RECORDED DATA ::
= Beginning of Section =
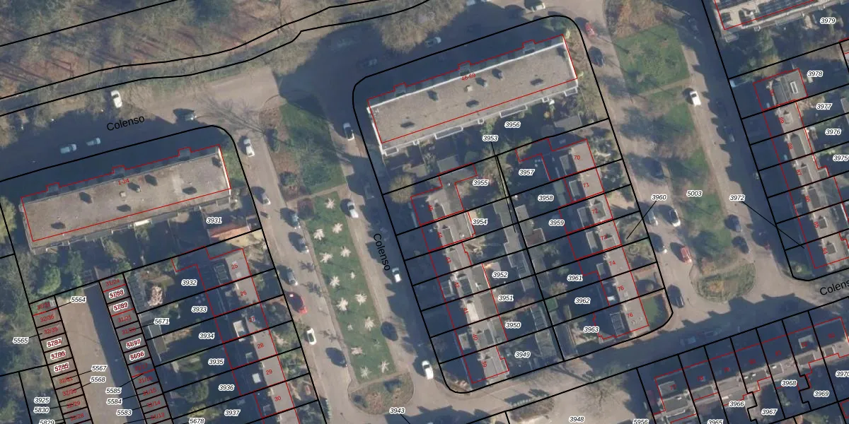 Colenso 45 is gelegen op kadastraal perceel SOE00A3955. Deze kadastrale aanduiding is uniek en wordt gebruikt door het Kadaster om eigendomsrechten en andere zakelijke rechten vast te leggen. Het perceel maakt onderdeel uit van de kadastrale gemeente Soest.
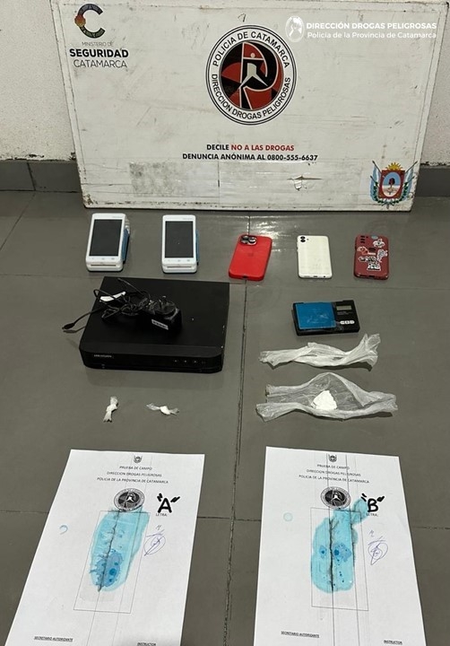 Al irrumpir en los inmuebles y bajo las directivas del Juzgado Federal, los policías secuestraron varios envoltorios de plástico que en su interior contenían sustancias herbácea y tipo polvo de color blanco, que al ser sometidas a la prueba de campo correspondiente arrojaron como resultado que se tratarían de Marihuana y Cocaína respectivamente, listas para su comercialización, como así también incautaron una (01) balanza de precisión, un (01) DVR, dos (02) Point Smart de la empresa Mercado Pago y cuatro (04) teléfonos celulares de distintas marcas y modelos.
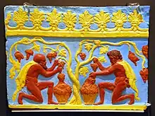 Sátiros cosechando uvas en una baldosa de cresta en el Museo August Kestner, Hannover:
= End of Section =
HOW TO COMPLETE THIS TASK ::
Reproduce the data verbatim and omit each image.

RESPONSE AREA ::
 Colenso 45 is gelegen op kadastraal perceel SOE00A3955. Deze kadastrale aanduiding is uniek en wordt gebruikt door het Kadaster om eigendomsrechten en andere zakelijke rechten vast te leggen. Het perceel maakt onderdeel uit van de kadastrale gemeente Soest.
 Al irrumpir en los inmuebles y bajo las directivas del Juzgado Federal, los policías secuestraron varios envoltorios de plástico que en su interior contenían sustancias herbácea y tipo polvo de color blanco, que al ser sometidas a la prueba de campo correspondiente arrojaron como resultado que se tratarían de Marihuana y Cocaína respectivamente, listas para su comercialización, como así también incautaron una (01) balanza de precisión, un (01) DVR, dos (02) Point Smart de la empresa Mercado Pago y cuatro (04) teléfonos celulares de distintas marcas y modelos.
 Sátiros cosechando uvas en una baldosa de cresta en el Museo August Kestner, Hannover:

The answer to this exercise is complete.